* **Exercise brief**
When you reach a picture, pass over it; otherwise repeat the listing word for word.

**** Provided material ****

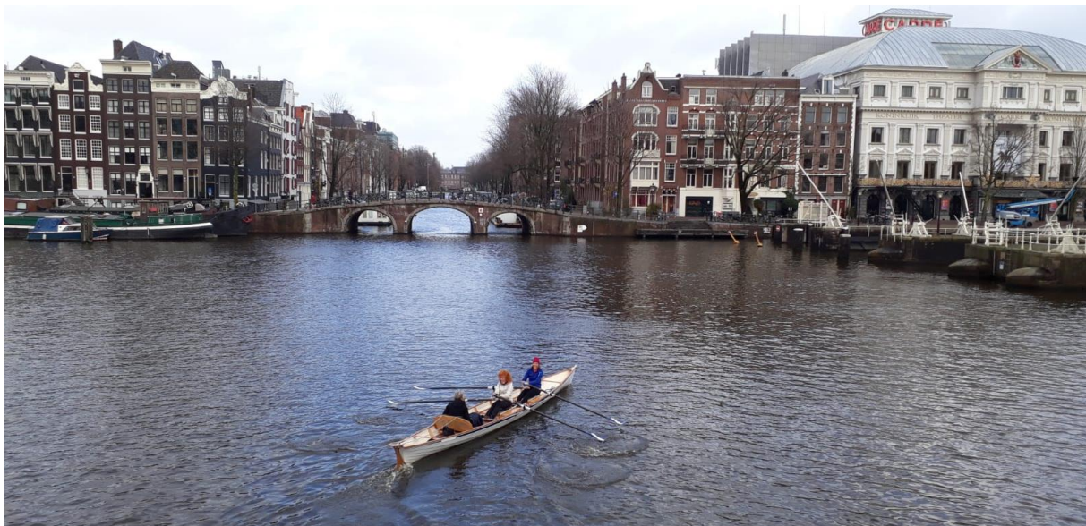
De Koning Wintertocht voert o.a. door de sluisen voor Carré

In december is het op weekenddagen veel rustiger op het water en zit de Toercommissie niet gespannen te wachten tot alle boten, deels geleend van andere lokale roeiverenigingen, weer binnen zijn. Over belangstelling hebben we als commissie die helaas uitgedund is tot twee leden niet te klagen. De KWT van '22 was voltekend en voor de komende tocht op 9 december hebben we enkele teams moeten teleurstellen. We komen gewoonlijk wel aan het benodigde materieel, maar de zitruimte in de sociëteit is beperkt om nog te zwijgen over de cateringfaciliteiten van onze pachter, met wie we inmiddels een uitstekende relatie hebben. Vorig jaar meenden we er goed aan te doen de traditionele erwtensoep een keer af te wisselen met een high tea, maar voor de roeiers met boten van andere clubs bleek dat ze zich bijna
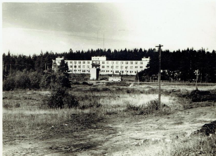
rajona slimnīca Valkā.
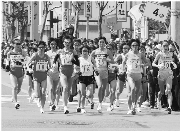
名古屋国際女子マラソン

****

* **Task answer**
De Koning Wintertocht voert o.a. door de sluisen voor Carré

In december is het op weekenddagen veel rustiger op het water en zit de Toercommissie niet gespannen te wachten tot alle boten, deels geleend van andere lokale roeiverenigingen, weer binnen zijn. Over belangstelling hebben we als commissie die helaas uitgedund is tot twee leden niet te klagen. De KWT van '22 was voltekend en voor de komende tocht op 9 december hebben we enkele teams moeten teleurstellen. We komen gewoonlijk wel aan het benodigde materieel, maar de zitruimte in de sociëteit is beperkt om nog te zwijgen over de cateringfaciliteiten van onze pachter, met wie we inmiddels een uitstekende relatie hebben. Vorig jaar meenden we er goed aan te doen de traditionele erwtensoep een keer af te wisselen met een high tea, maar voor de roeiers met boten van andere clubs bleek dat ze zich bijna
rajona slimnīca Valkā.
名古屋国際女子マラソン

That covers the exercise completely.